With the pictures left aside, write out the entries that follow exactly.

* [Task data]
-*-

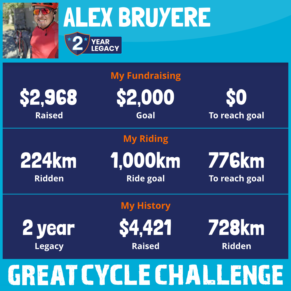 555 km Ridden$3,004 Raised2026
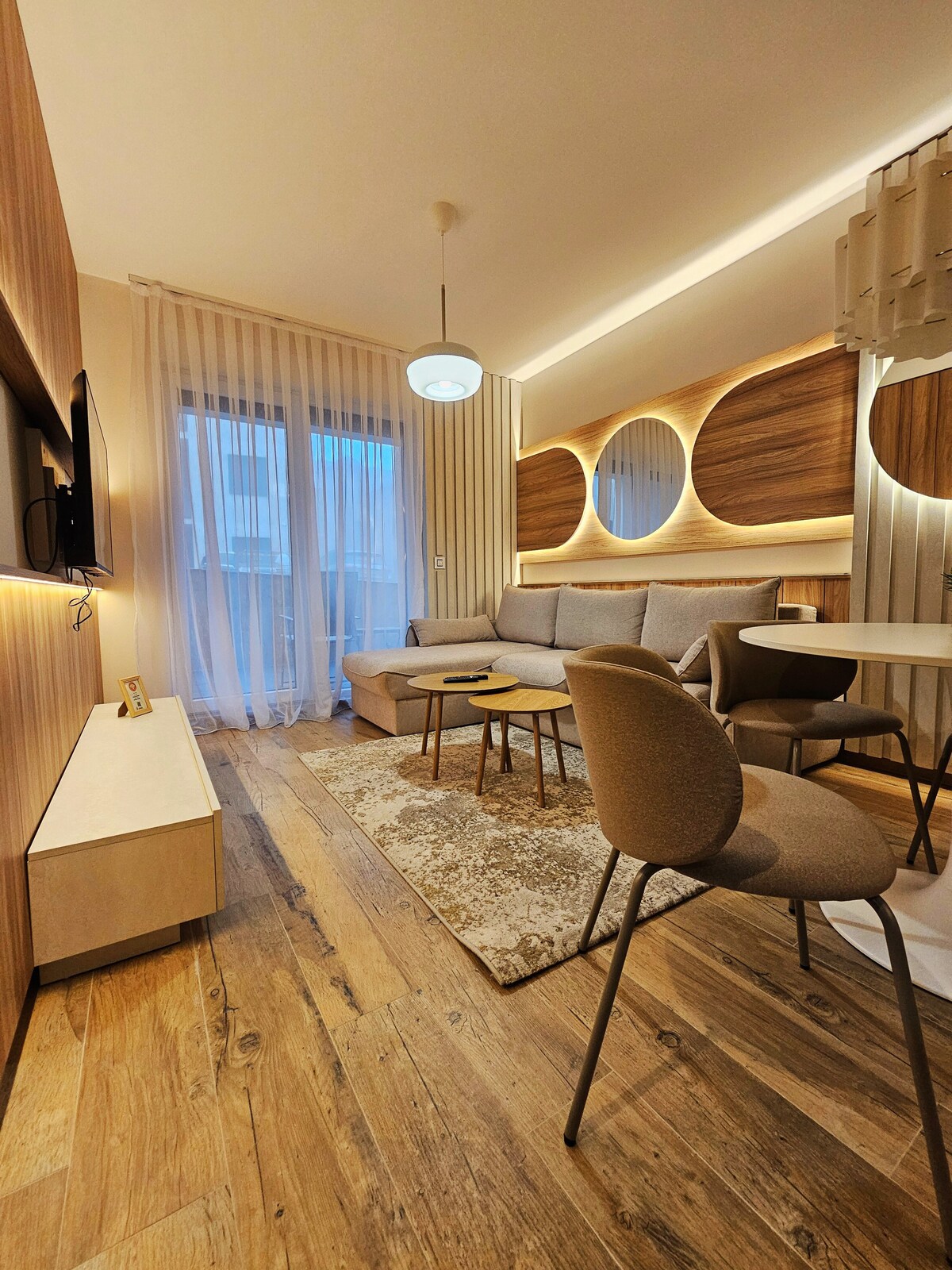 Dobrodošli u naše nove apartmane u tek izgrađenoj zgradi, na svega pet minuta šetnje od samog centra Zlatibora. Savršeno mesto za odmor, opuštanje i uživanje u planinskom ambijentu. Svaki detalj prostora pažljivo je odabran kako biste se vi i vaši najmiliji osećali prijatno. Gostima su na raspolaganju privatni parking i spa centar u okviru objekta, idealni za potpunu relaksaciju nakon dana provedenog u prirodu. Dođite da uživate u miru, udobnosti i toploj atmosferi naših apartmana.
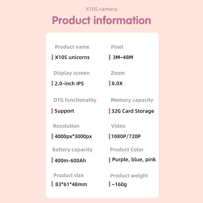 Introducing the colorful unicorn Kids Camera - the perfect Christmas or birthday gift for boys and girls aged 3 to 9. This Kids Camera ignites creativity and fun, combining learning and play in one delightful device. Available in charming Blue , this Kids Camera is ideal for young adventurers.
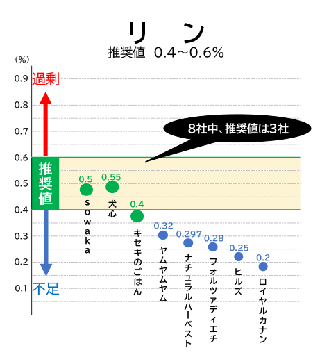 - リンは0.5%以上とAAFCO基準最低値近くまで制限。【参考】AAFCO基準最低値:リン0.4%
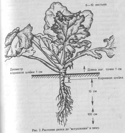 Мощная корневая система рапса служит не только для снабжения растения питательными веществами и водой. В корнях, что особенно важно для зимовки, накапливаются питательные вещества. Они являются своеобразной кладовой растения. Образование мощного корня способствует лучшей зимостойкости. Наибольшая гибель растений наблюдается в конце зимы, когда сходит снежный покров и иссякают накопленные в корнях запасы питательных веществ. Слабая питательная база является причиной гибели растений и весной, при низких колебаниях дневных и ночных температур.
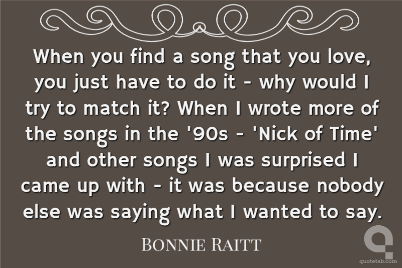 When you find a song that you love, you just have to do it - why would I try to match it? When I wrote more of the songs in the '90s - 'Nick of Time' and other songs I was surprised I came up with - it was because nobody else was saying what I wanted to say.
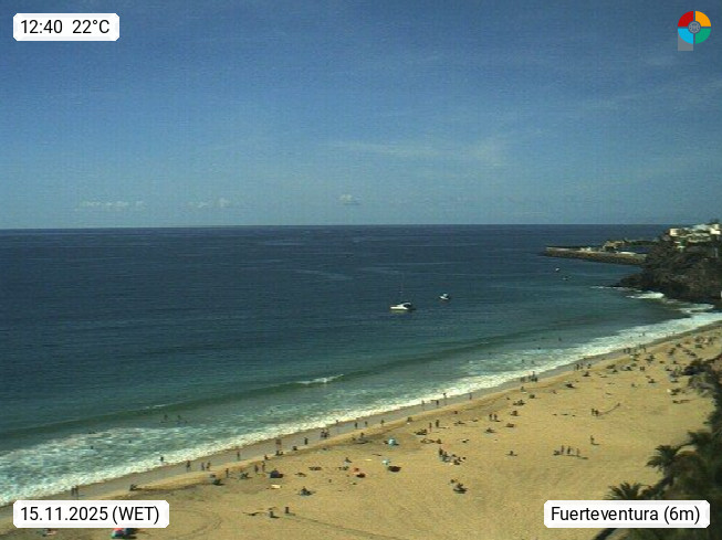 E 35625 Morro Jable 1m, liegt an der Südküste der Kanareninsel Fuerteventura 1.660 km² auf der Halbinsel Jandia und gehört zur Gemeinde Pajara. Blick von der Ferienanlage Coronado Richtung Westen über den Sandstrand zum Atlantischen Ozean. Präsentiert von http://www.solitour.com.
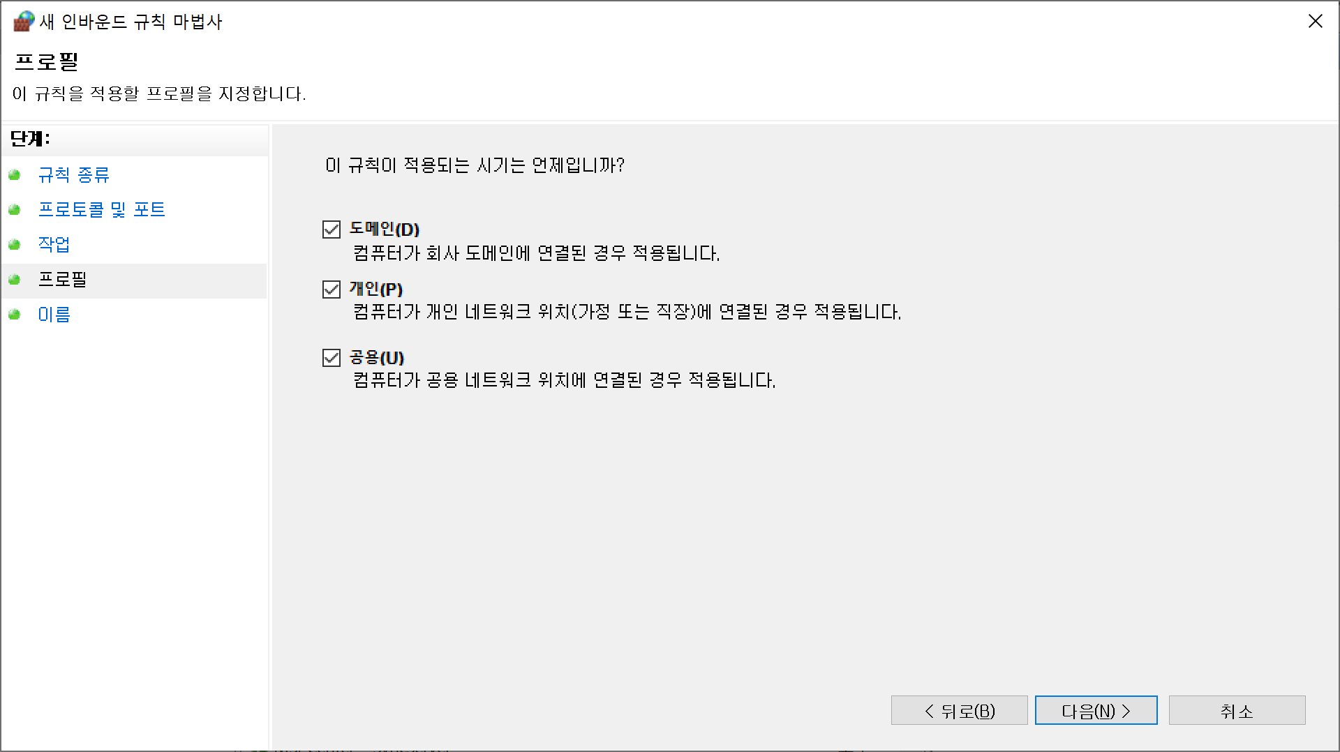 도메인, 개인, 공용 중 상황에 맞는 항목을 선택합니다.
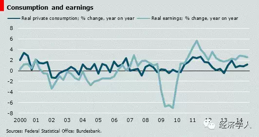 但是,到目前为止,关于发展国内经济与提高私人消费或投资之间是否相互影响的证据有限。据联德国联邦统计局(Destatis)的数据显示,2014前三季度的实际个人消费支出为德国年度总体实际GDP增长仅贡献了约0.5个百分点,根本不足以对欧元区总体产生有意义的影响。与危机前的十年不同的是(见上图),自2011年来,实质收益增长一直显著高于私人消费。
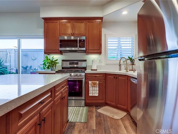 Welcome home! This lovely modern townhome feels like a single-family home, with bright rooms, on-site parking, and a short walk to Heartwell Park. Truly "Turn Key" condition, very fresh inside and out. Floor plan is wide open downstairs, pleasant entry into living room and dining room, with nice laminate flooring. Large island in the kitchen for your friends and family to gather around, great for parties or family time. Stainless steel appliances, gorgeous newer wood cabinets, and ample workspace for creating gourmet meals. All dual-pane, modern windows. Nice fixtures throughout. The enclosed private back patio is large enough for a BBQ, dining area, entertaining, and creating your own garden space. Upstairs features three bedrooms, including a large primary suite with its own spa-like bathroom: Dual-sink vanity, large tub, and separate glass-enclosed shower. Walk-in closets in two of the three bedrooms. Laundry in the upstairs hall, gas dryer. Full hall bath upstairs, and additional half bath downstairs. Extended, large 2-car garage is nicely finished, with room for two cars, plus a craft space, and lots of storage. The home is in excellent, move-in condition, and located in a very desirable area of Long Beach, with transportation corridors nearby, lots of shopping and dining options, and HUGE Heartwell Park just a few steps away: Bike path, walking, baseball, soccer, etc. all nearby, in a gorgeous tree-filled park.
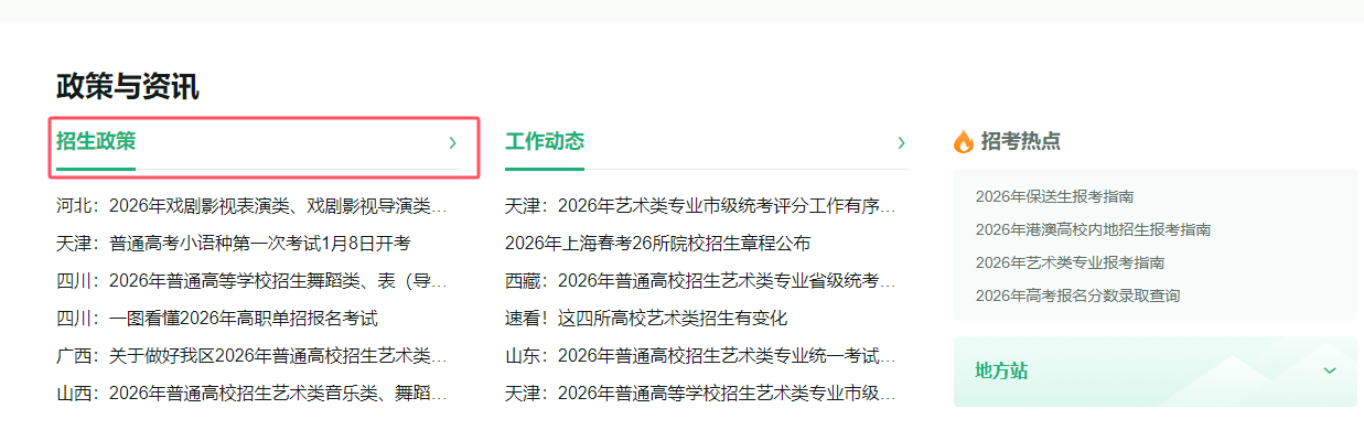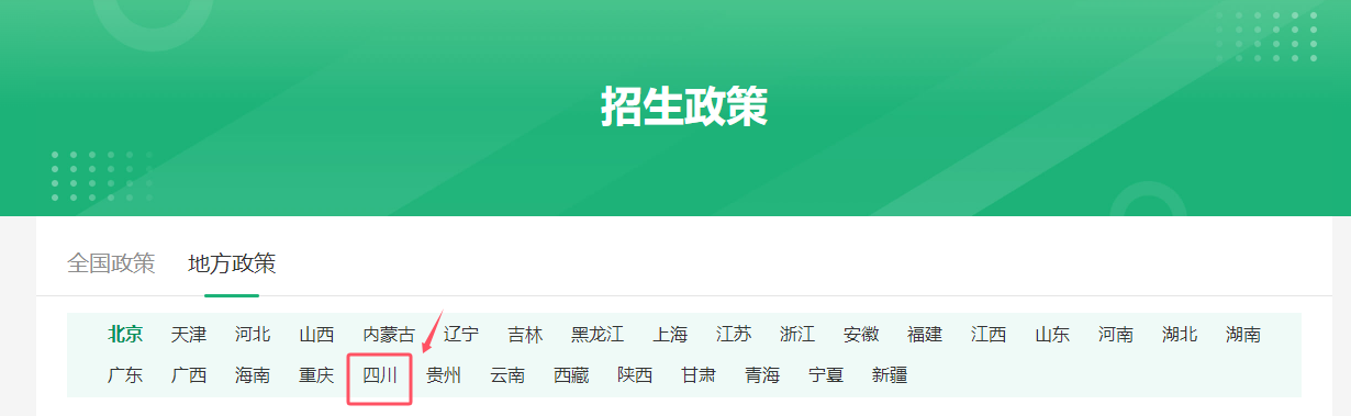 步驟一:在欄目下的【招生政策】中,選擇【地方政策】,可看到全國(guó)各省導(dǎo)航欄。
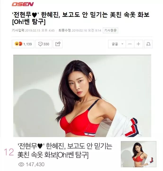 (韩惠珍和全炫茂在2018年2月公开恋情,此前传出分手,双方所属社曾多次辟谣。韩惠珍15日在自己的SNS上传了自己拍摄的画报。因记者在新闻标强行加上全炫茂的名字,引起网友争议。)
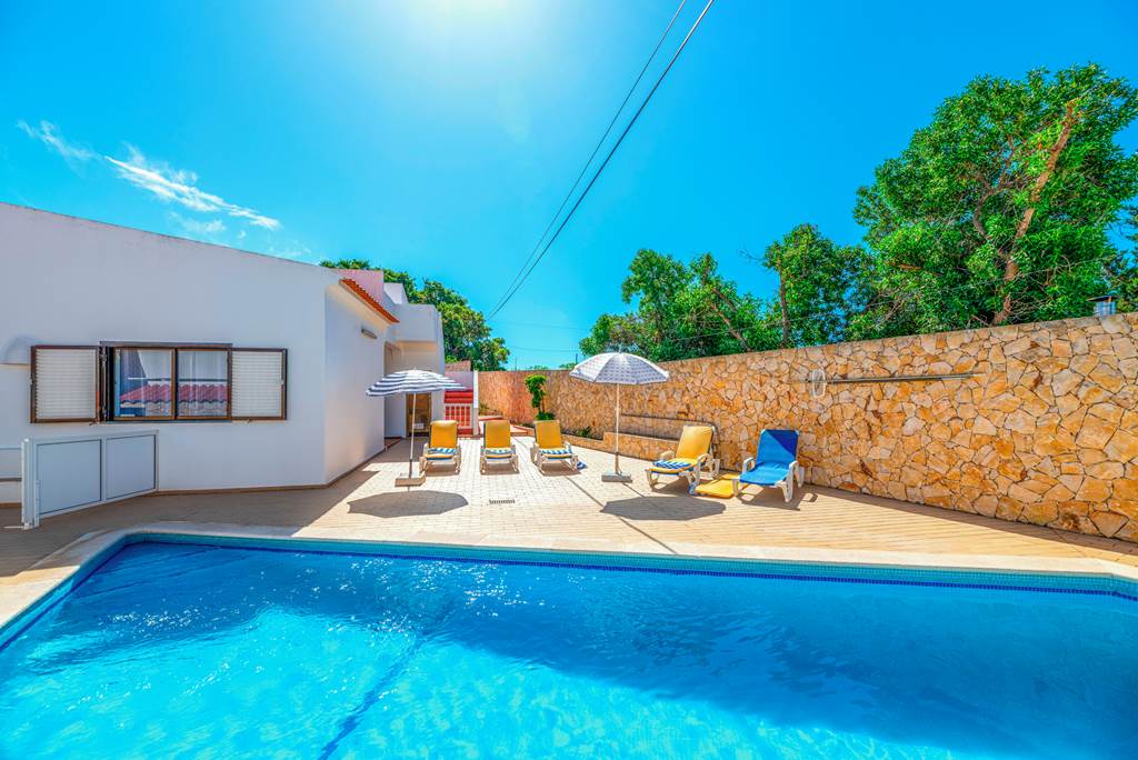 The perfect base to enjoy a memorable holiday in the Algarve, Villa Mar do Estrela has all of the home from home comforts you need for a hassle free vacation in the sunshine. Accommodating six guests, this villa has three spacious bedrooms, a fully equipped kitchen, living area and dining space. Air conditioned throughout for optimum comfort, this property has also been decorated to a high standard, with lots of modern furnishings that will enhance your stay further. However, it is this villa’s lovely outdoor space that will impress. Boasting an inviting pool that you will want to dive straight into, a picture perfect outdoor dining space with BBQ facilities and plenty of sun loungers to bake and rotate on, outdoor living has never looked so good. ... More
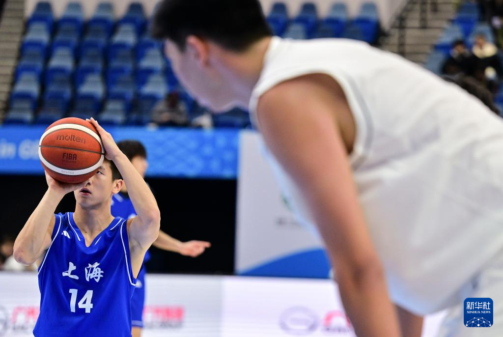 11月19日,上海队球员陈天灿(前左)在比赛中罚球。

-*-

* [Output of the task]
 555 km Ridden$3,004 Raised2026
 Dobrodošli u naše nove apartmane u tek izgrađenoj zgradi, na svega pet minuta šetnje od samog centra Zlatibora. Savršeno mesto za odmor, opuštanje i uživanje u planinskom ambijentu. Svaki detalj prostora pažljivo je odabran kako biste se vi i vaši najmiliji osećali prijatno. Gostima su na raspolaganju privatni parking i spa centar u okviru objekta, idealni za potpunu relaksaciju nakon dana provedenog u prirodu. Dođite da uživate u miru, udobnosti i toploj atmosferi naših apartmana.
 Introducing the colorful unicorn Kids Camera - the perfect Christmas or birthday gift for boys and girls aged 3 to 9. This Kids Camera ignites creativity and fun, combining learning and play in one delightful device. Available in charming Blue , this Kids Camera is ideal for young adventurers.
 - リンは0.5%以上とAAFCO基準最低値近くまで制限。【参考】AAFCO基準最低値:リン0.4%
 Мощная корневая система рапса служит не только для снабжения растения питательными веществами и водой. В корнях, что особенно важно для зимовки, накапливаются питательные вещества. Они являются своеобразной кладовой растения. Образование мощного корня способствует лучшей зимостойкости. Наибольшая гибель растений наблюдается в конце зимы, когда сходит снежный покров и иссякают накопленные в корнях запасы питательных веществ. Слабая питательная база является причиной гибели растений и весной, при низких колебаниях дневных и ночных температур.
 When you find a song that you love, you just have to do it - why would I try to match it? When I wrote more of the songs in the '90s - 'Nick of Time' and other songs I was surprised I came up with - it was because nobody else was saying what I wanted to say.
 E 35625 Morro Jable 1m, liegt an der Südküste der Kanareninsel Fuerteventura 1.660 km² auf der Halbinsel Jandia und gehört zur Gemeinde Pajara. Blick von der Ferienanlage Coronado Richtung Westen über den Sandstrand zum Atlantischen Ozean. Präsentiert von http://www.solitour.com.
 도메인, 개인, 공용 중 상황에 맞는 항목을 선택합니다.
 但是,到目前为止,关于发展国内经济与提高私人消费或投资之间是否相互影响的证据有限。据联德国联邦统计局(Destatis)的数据显示,2014前三季度的实际个人消费支出为德国年度总体实际GDP增长仅贡献了约0.5个百分点,根本不足以对欧元区总体产生有意义的影响。与危机前的十年不同的是(见上图),自2011年来,实质收益增长一直显著高于私人消费。
 Welcome home! This lovely modern townhome feels like a single-family home, with bright rooms, on-site parking, and a short walk to Heartwell Park. Truly "Turn Key" condition, very fresh inside and out. Floor plan is wide open downstairs, pleasant entry into living room and dining room, with nice laminate flooring. Large island in the kitchen for your friends and family to gather around, great for parties or family time. Stainless steel appliances, gorgeous newer wood cabinets, and ample workspace for creating gourmet meals. All dual-pane, modern windows. Nice fixtures throughout. The enclosed private back patio is large enough for a BBQ, dining area, entertaining, and creating your own garden space. Upstairs features three bedrooms, including a large primary suite with its own spa-like bathroom: Dual-sink vanity, large tub, and separate glass-enclosed shower. Walk-in closets in two of the three bedrooms. Laundry in the upstairs hall, gas dryer. Full hall bath upstairs, and additional half bath downstairs. Extended, large 2-car garage is nicely finished, with room for two cars, plus a craft space, and lots of storage. The home is in excellent, move-in condition, and located in a very desirable area of Long Beach, with transportation corridors nearby, lots of shopping and dining options, and HUGE Heartwell Park just a few steps away: Bike path, walking, baseball, soccer, etc. all nearby, in a gorgeous tree-filled park.
 步驟一:在欄目下的【招生政策】中,選擇【地方政策】,可看到全國(guó)各省導(dǎo)航欄。
 (韩惠珍和全炫茂在2018年2月公开恋情,此前传出分手,双方所属社曾多次辟谣。韩惠珍15日在自己的SNS上传了自己拍摄的画报。因记者在新闻标强行加上全炫茂的名字,引起网友争议。)
 The perfect base to enjoy a memorable holiday in the Algarve, Villa Mar do Estrela has all of the home from home comforts you need for a hassle free vacation in the sunshine. Accommodating six guests, this villa has three spacious bedrooms, a fully equipped kitchen, living area and dining space. Air conditioned throughout for optimum comfort, this property has also been decorated to a high standard, with lots of modern furnishings that will enhance your stay further. However, it is this villa’s lovely outdoor space that will impress. Boasting an inviting pool that you will want to dive straight into, a picture perfect outdoor dining space with BBQ facilities and plenty of sun loungers to bake and rotate on, outdoor living has never looked so good. ... More
 11月19日,上海队球员陈天灿(前左)在比赛中罚球。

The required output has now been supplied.